A Kubernetes cluster is a set of node machines for running containerized applications. You can visualize a Kubernetes cluster as two parts: the control plane and the compute machines, or nodes. Each node is its own Linux® environment, and could be either a physical or virtual machine. Each node runs pods, which are made up of containers.
The Kubernetes API (application programming interface) is the front end of the Kubernetes control plane and is how users interact with their Kubernetes cluster. The API server determines if a request is valid and then processes it.
The Kubernetes API is the interface used to manage, create, and configure Kubernetes clusters. It's how the users, external components, and parts of your cluster all communicate with each other.
This quick Kubernetes tutorial shows you how to create a cluster and deploy an application.
Other pieces of a Kubernetes cluster
Nodes:
These machines perform the requested tasks assigned by the control plane.
Pod:
A set of 1 or more containers deployed to a single node. A pod is the smallest and simplest Kubernetes object.
Service:
A way to expose an application running on a set of pods as a network service. This decouples work definitions from the pods.
Kubectl:
The command line interface where you can manage your Kubernetes cluster. Learn basic kubectl and Helm commands for beginners.
kubelet:
A tiny application located within each node that communicates with the control plane. The kublet makes sure containers are running in a pod.
If you’re ready to get started with Kubernetes for yourself, Minikube is an open source tool that allows you to set up a local Kubernetes cluster so you can try out Kubernetes from a laptop.
How Kubernetes works
Kubernetes works based on defined state and actual state. Kubernetes objects represent the state of a cluster and tell Kubernetes what you want the workload to look like.
Once an object has been created and defined, Kubernetes works to make sure that the object always exists.
Controllers actively manage the state of Kubernetes objects and work to make changes that move the cluster from its current state to the desired state.
Developers or sysadmins specify the defined state using the YAML or JSON files they submit to the Kubernetes API. Kubernetes uses a controller to analyze the difference between the new defined state and the actual state in the cluster.
The desired state of a Kubernetes cluster defines which applications or other workloads should be running, along with which container images they use, which resources should be made available to them, and other configuration details.

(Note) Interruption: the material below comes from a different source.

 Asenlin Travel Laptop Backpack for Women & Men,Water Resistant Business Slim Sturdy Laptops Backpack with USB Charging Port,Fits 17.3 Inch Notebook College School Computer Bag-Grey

Configuration data and information about the state of the cluster lives in etcd, a key-value store database. Fault-tolerant and distributed, etcd is designed to be the ultimate source of truth about your cluster.
Kubernetes will automatically manage your cluster to match the desired state. Controllers usually do this by sending messages to the API server that result in the needed changes, and some Kubernetes resources have built-in controllers.

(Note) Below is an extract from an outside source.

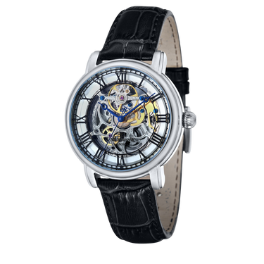 In the spirit of clock-making, utter precision and care form the backbone of the Longcase collection. Handcrafted individually, using hundreds of pieces to come together in perfect mechanical congruency. Each piece is a three-hand automatic skeleton. The face is a delightful aesthetic indulgence as the exposed mechanics not only reveal the intricate workings of the Longcase but are beautifully decorated with gems that are laid in minute studs and tiny coloured screws which adds a lavish dimension to the watch.

As an example of how Kubernetes manages desired state, suppose you deploy an application with a desired state of "3," meaning 3 replicas of the application should be running.

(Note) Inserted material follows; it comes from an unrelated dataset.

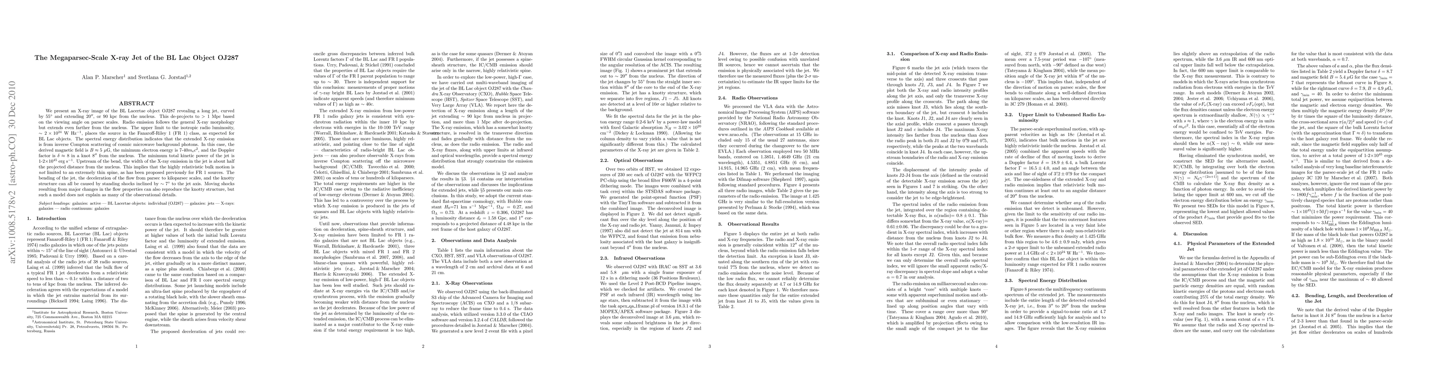 The OJ287 BL Lacertae object features a 90 kpc-long curved X-ray jet with a magnetic field of ~5 microGauss, while radio emission extends farther from the nucleus, indicating an FR 1 class source.

If 1 of those containers crashes, the Kubernetes replica set will see that only 2 replicas are running, so it will add 1 more to satisfy the desired state.
Replica sets are a type of controller that ensures a specified number of pods are running at any given time.
Kubernetes deployments are the preferred method for managing replica sets and provide declarative updates to pods so that you don’t have to manually manage them yourself.
You can also use autoscaling in Kubernetes to manage the scale of your services based on user demand. When specifying the desired state of an application or service, you can also tell the controller to make additional pods available if demand increases.
For example, during a busy time period your application's desired state could increase to 10, instead of the usual 3 replicas
Kubernetes deployments
A Kubernetes deployment is a resource object in Kubernetes that provides declarative updates to applications.
A deployment allows you to describe an application’s life cycle, such as which images to use for the app, the number of pods there should be, and the way in which they should be updated.
The process of manually updating containerized applications can be time consuming and tedious. A Kubernetes deployment makes this process automated and repeatable.
Deployments are entirely managed by the Kubernetes backend, and the whole update process is performed on the server side without client interaction.
The Kubernetes deployment object lets you:
- Deploy a replica set or pod
- Update pods and replica sets
- Rollback to previous deployment versions
- Scale a deployment
- Pause or continue a deployment
Kubernetes patterns
Kubernetes patterns are design patterns for container-based applications and services.
Kubernetes can help developers write cloud-native apps, and it provides a library of application programming interfaces (APIs) and tools for building applications.
However, Kubernetes doesn’t provide developers and architects with guidelines for how to use these pieces to build a complete system that meets business needs and goals.
Patterns are a way to reuse architectures. Instead of completely creating the architecture yourself, you can use existing Kubernetes patterns, which also ensure that things will work the way they’re supposed to.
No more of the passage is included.